In this way, without creating a lateral electric field effect,
Additionally, the first and second ohmic contacts can easily provide a uniform electric field across the active region while minimizing light absorption by the substrate layer, resulting in significantly uniform gain. Additionally, bandwidths in the gigabit/second range are obtained due to the reduced charge trapping of holes at the active region/metal ohmic contact interface.

Another detector 44 of the present invention is shown in FIG. 3, having the same basic elements as detector 26 of FIG. In this detector 44, after forming the photoconductive layer 46 on the substrate layer 48, a mesa structure is formed by known methods, and the width of the active region 50 is defined by the width of the second ohmic contact 52. The contour of this second ohmic contact 52 is the dielectric region 5
Formed by 4. Due to the mesa structure, the electrical contact means 56, for example an annular structure, can be provided on the same side of the detector 44 on which the second ohmic contact 52 is provided, which provides clear design advantages. Also, the width of the active region can be specified by the mesa structure, but in this case, the second ohmic contact needs to cover the entire surface of the mesa structure.

In addition to the high gain, uniform electric field, and gigabits/second bandwidth mentioned above, the inverted photoconductive detector disclosed herein also has
During its manufacturing stage, it has the advantage that only one epitaxial layer needs to be grown on the substrate before forming the second ohmic contact using known photolithographic and metallization techniques. The detector can also be manufactured as a mesa structure or more conveniently as a flat structure,
It is well suited for monolithic integration and can be applied to optical receiver devices.

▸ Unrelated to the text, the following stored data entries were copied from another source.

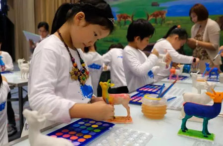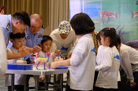 参与直播活动的嘉宾们与好小囡们一起拿起画笔,用心描绘着自己心中那只最美丽、最可爱的藏羚羊。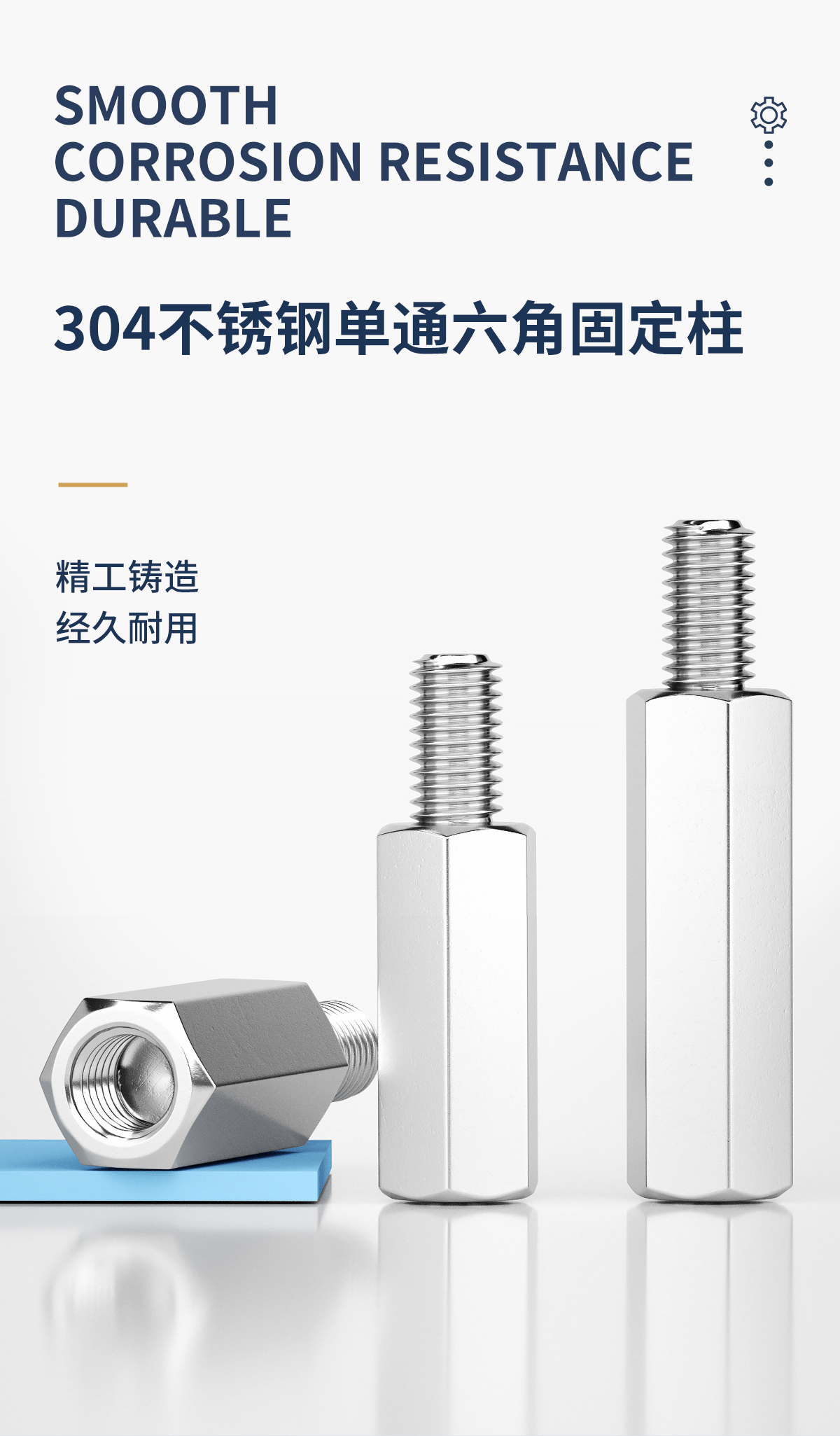 GUWANJI(固万基) 304不锈钢单头六角螺柱 单通支撑隔离柱机箱主板铜柱螺丝连接柱 M4x20+6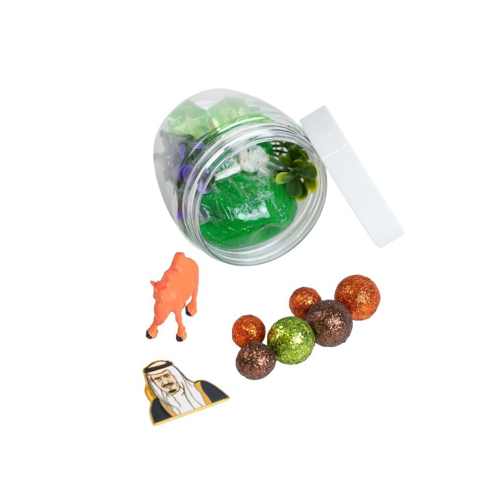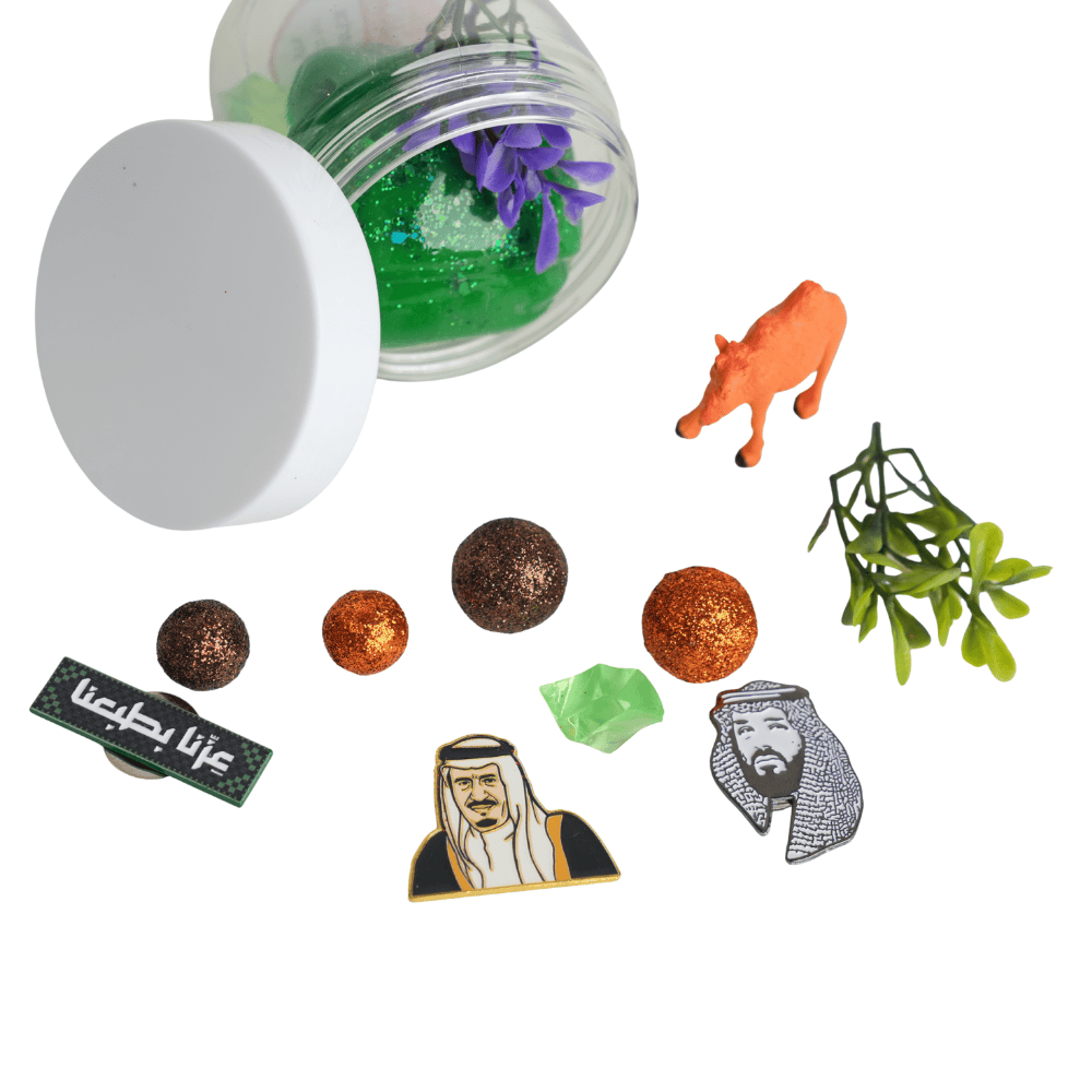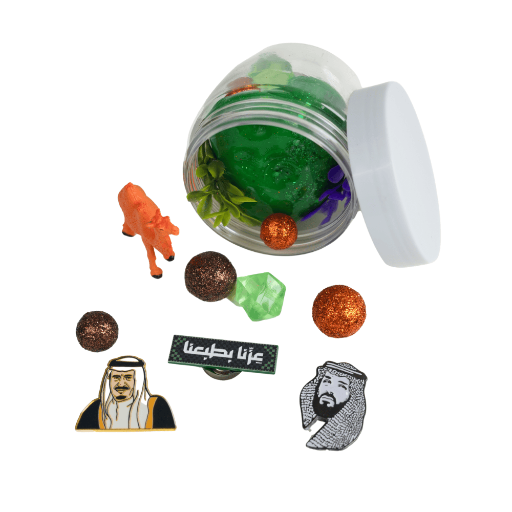 احتفل باليوم الوطني السعودي بطريقة ممتعة وإبداعية! تأتي هذه العلبة الخاصة بعجينة اللعب الناعمة باللون الأخضر مع إكسسوارات مميزة مثل الجِمال الصغيرة، الكرات اللامعة، الأحجار الزخرفية، والرموز الوطنية. يمكن للأطفال تشكيل وصنع مجسماتهم الخاصة مع تعزيز ارتباطهم بالتراث السعودي بشكل تفاعلي ومرح.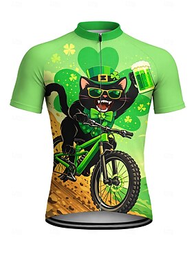 Maglietta da uomo St Patrick Jersey Cycling Jersey Downhill Jersey Cat Quadrifoglio Oktoberfest Birra Maglietta a maniche corte con 3 tasche posteriori UV resistente asciugatura rapida con tasche zip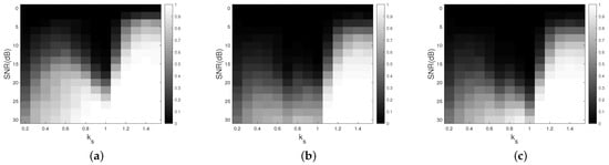 As mentioned in Section 2.2, IVDST is an iterative and shrinkage-thresholding algorithm. Three parameters need to be set before iterations [24]. They are stepsize , shrinkage-threshold , and stopping criterion . The parameter setting of the system is the same as Section 3. Three hundred Monte Carlo experiments are implemented for each parameter setting, and the maximum number of iterations was set to 30.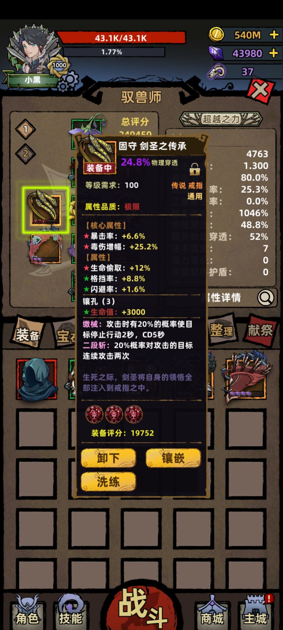 剑圣爬高必备,抗性戒指没卵用,“极大”就100抗性而已,完全没有剑圣好用,缴械高层神技,保命的,被动用二连击,配合触发不死。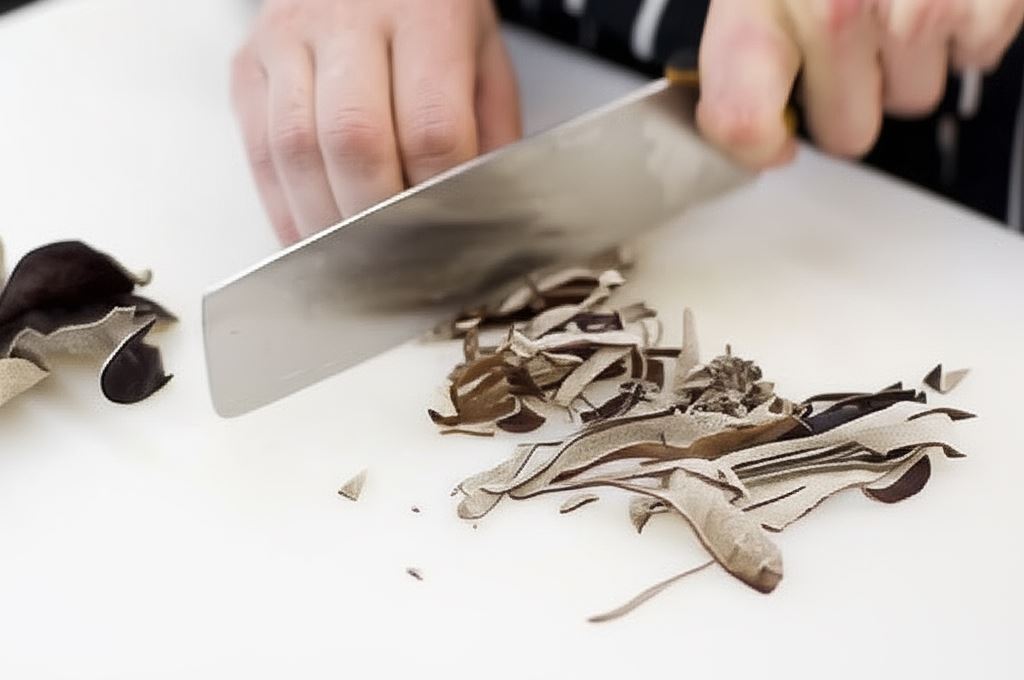 Grzyby wcześniej namocz. Kiedy zmiękną potnij w cienkie paski. Tak samo postąp z makaronem. Zalej go wrzącą wodą, a gdy zmięknie odcedź go.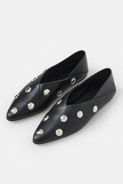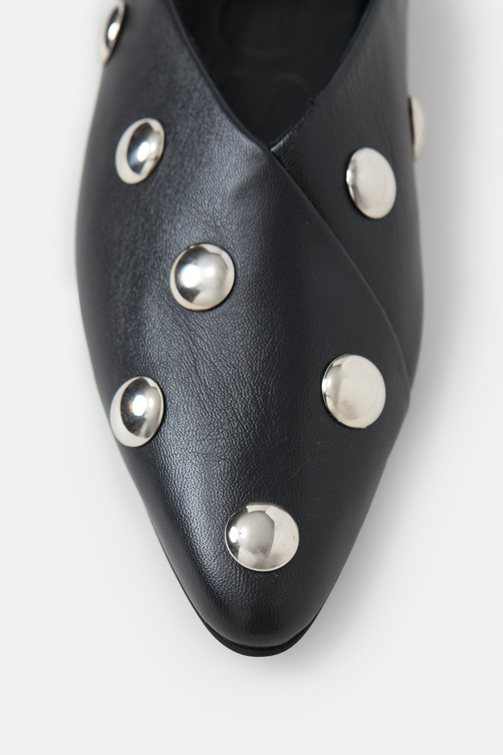 Italienske ballerinaer i skinn med diagonalsøm, metalliske nagler og spiss tå. Sammenleggbar hælkappe for allsidig styling, mykt innvendig fôr og skinninnersåle for komfort.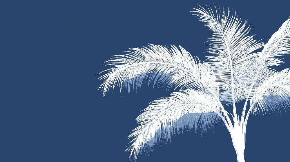 Papier Peint Mural Palmier | Silhouette Blanche sur Bleu Marine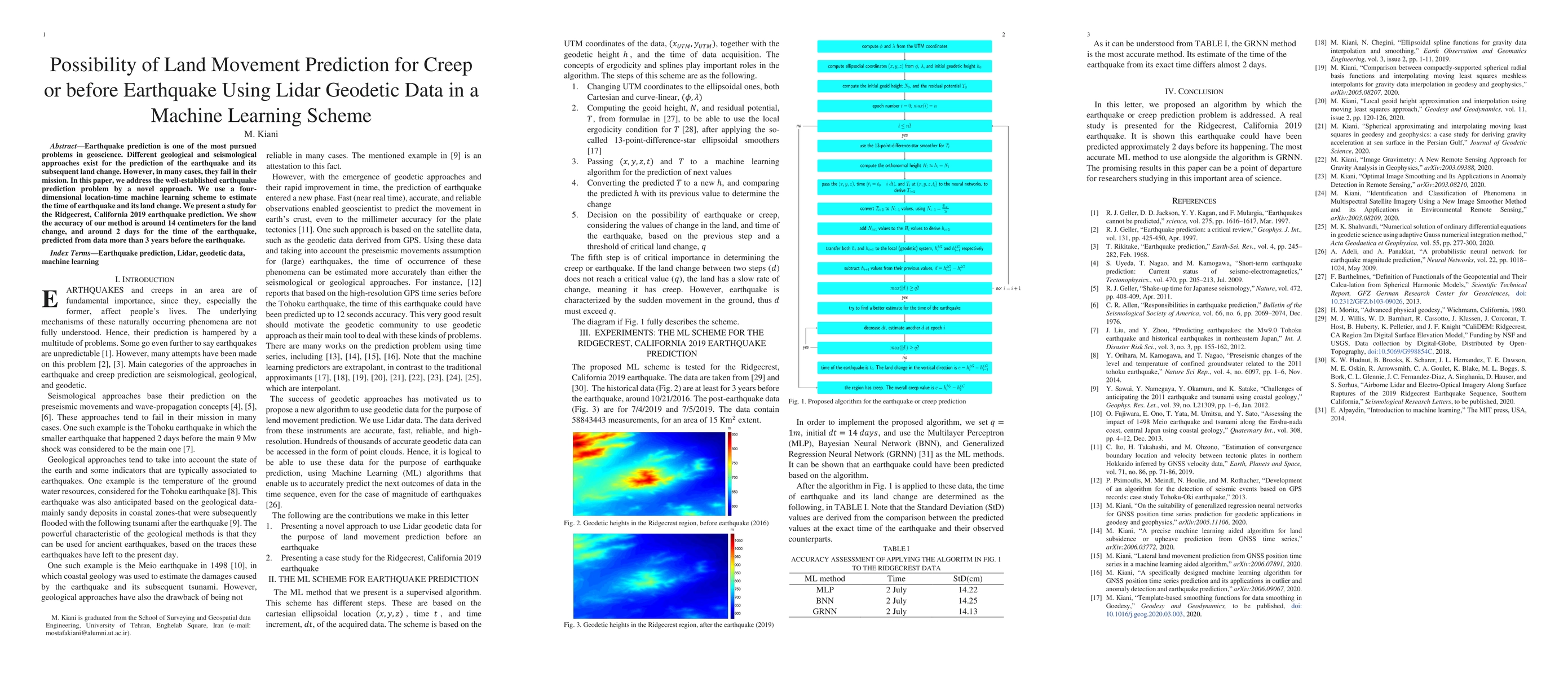 This paper proposes a machine learning scheme using Lidar geodetic data to predict the time and land movement associated with earthquakes, achieving an accuracy of 14 cm for land change and 2 days for earthquake timing, demonstrated through the Ridgecrest, California 2019 earthquake.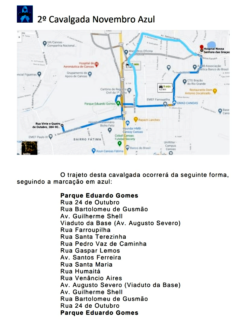 Neste ano, além da cavalgada haverá uma carreata para aqueles que optarem pelo transporte. A concentração será às 7h30, onde será servido um café no Piquete Tio Ivo (localizado na Área campeira do Parque Eduardo Gomes), e a saída está marcada para as 8h30.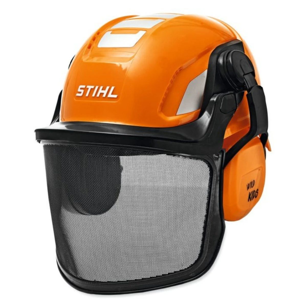 Hełm zabawkowy STIHL dla dzieci to wierna replika profesjonalnego hełmu ochronnego używanego przez pilarzy i drwali. Wykonany z trwałego tworzywa ABS kask ma pomarańczową czaszę z charakterystycznym logo STIHL, czarną ramkę oraz siatkowy wizjer, który można swobodnie unosić. Całość uzupełniają składane nauszniki w kolorze pomarańczowym, dzięki czemu kask wygląda jak prawdziwy element wyposażenia operatora pilarki – idealny do zabawy w pilarza
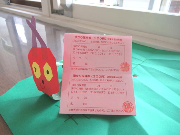 (登園日、登園日以外に関わらず、両グループとも保育終了後14時より預かり券が必要)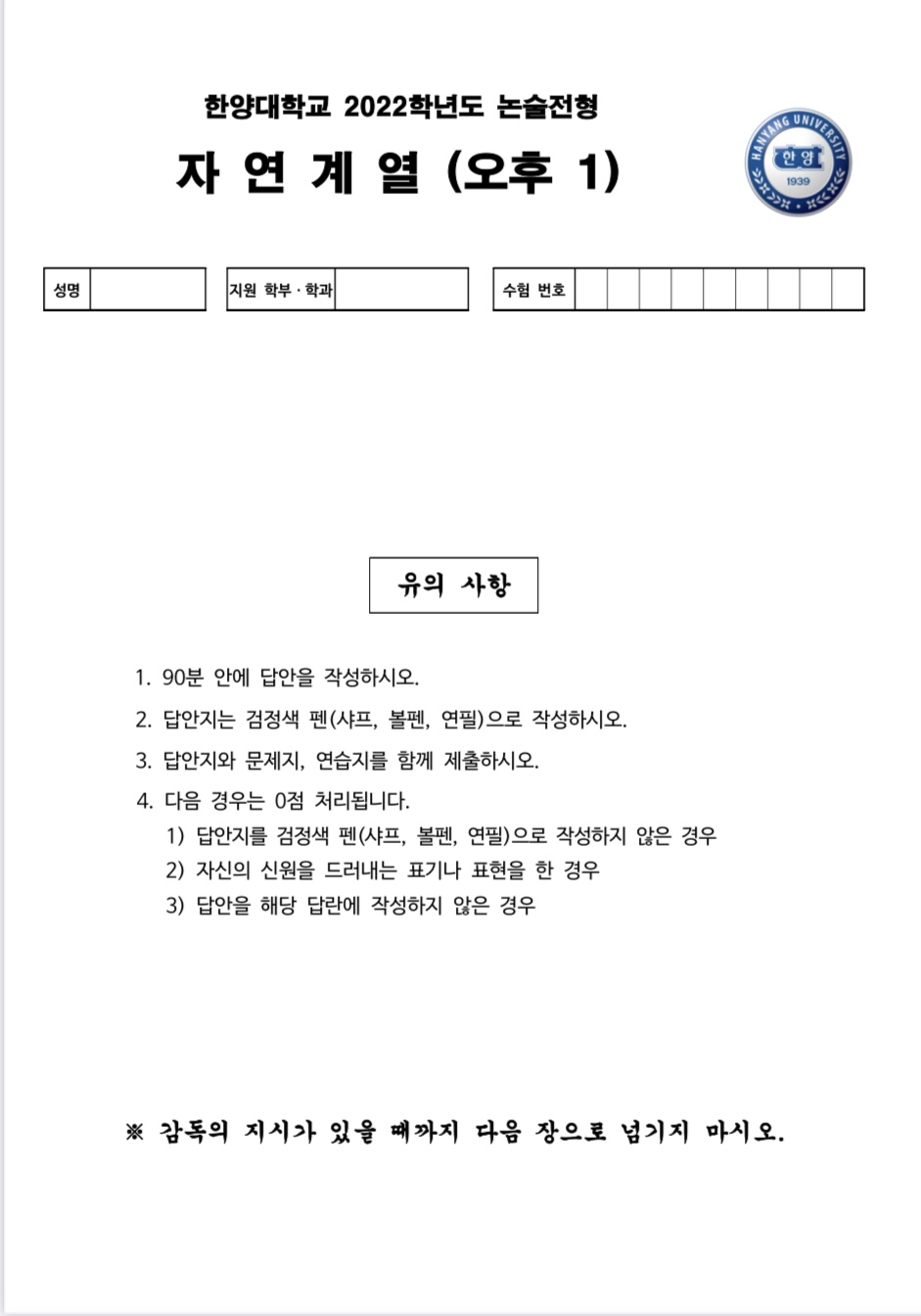 2022 한양대 수학논술 오후1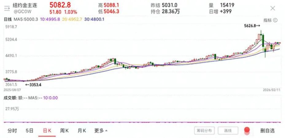 回顾国际金价今年的走势,首先是在1月底金价飙升至5600美元/盎司以上,但在创下历史新高后,金价又上演了“高台跳水”。目前,国际金价已经重返5000美元。白银市场同样走出“过山车”行情,单日超25%的跌幅令人记忆犹新。

[Brief explanation of drawings]

1 is a sectional view of a prior art vertical photoconductive detector, FIG. 2 is a sectional view of a first embodiment of a vertical photoconductive detector according to the invention, and FIG. 3 is a sectional view of a vertical photoconductive detector according to the invention. FIG. 6 is a cross-sectional view of a second embodiment of child detection; 26... Photoconductive detector, 28... Substrate layer, 3o, 34
. . . active region, 32 . . . first ohmic contact, first main surface of the substrate layer and active region, 36 . . . second ohmic contact, 40 . . . electrical contact means. Patent applicant: RCSNY Corporation
Professor Tetsu Shimizu and 2 others 2nd mouth 2nd mouth 3rd mouth

Claims (1)

[Claims] (1) having an active region, a substrate layer acting as a first ohmic contact to the active region, a second ohmic contact to the active region, and an electrical contact to the substrate layer, characterized in that: The substrate layer is substantially transparent to light at the wavelength to be detected and to a sufficient extent that a first major surface of the substrate layer acts as the first ohmic contact to the active region. comprising a semiconductor material of a first conductivity type doped to the substrate layer, the active region comprising an undoped semiconductor material overlying the substrate layer and absorbing light at the wavelength to be detected; a first major surface in contact with the layer and a second major surface, the second ohmic contact being comprised of a metal or metal alloy and positioned over the entire second major surface of the active region. A photoconductive detector configured to.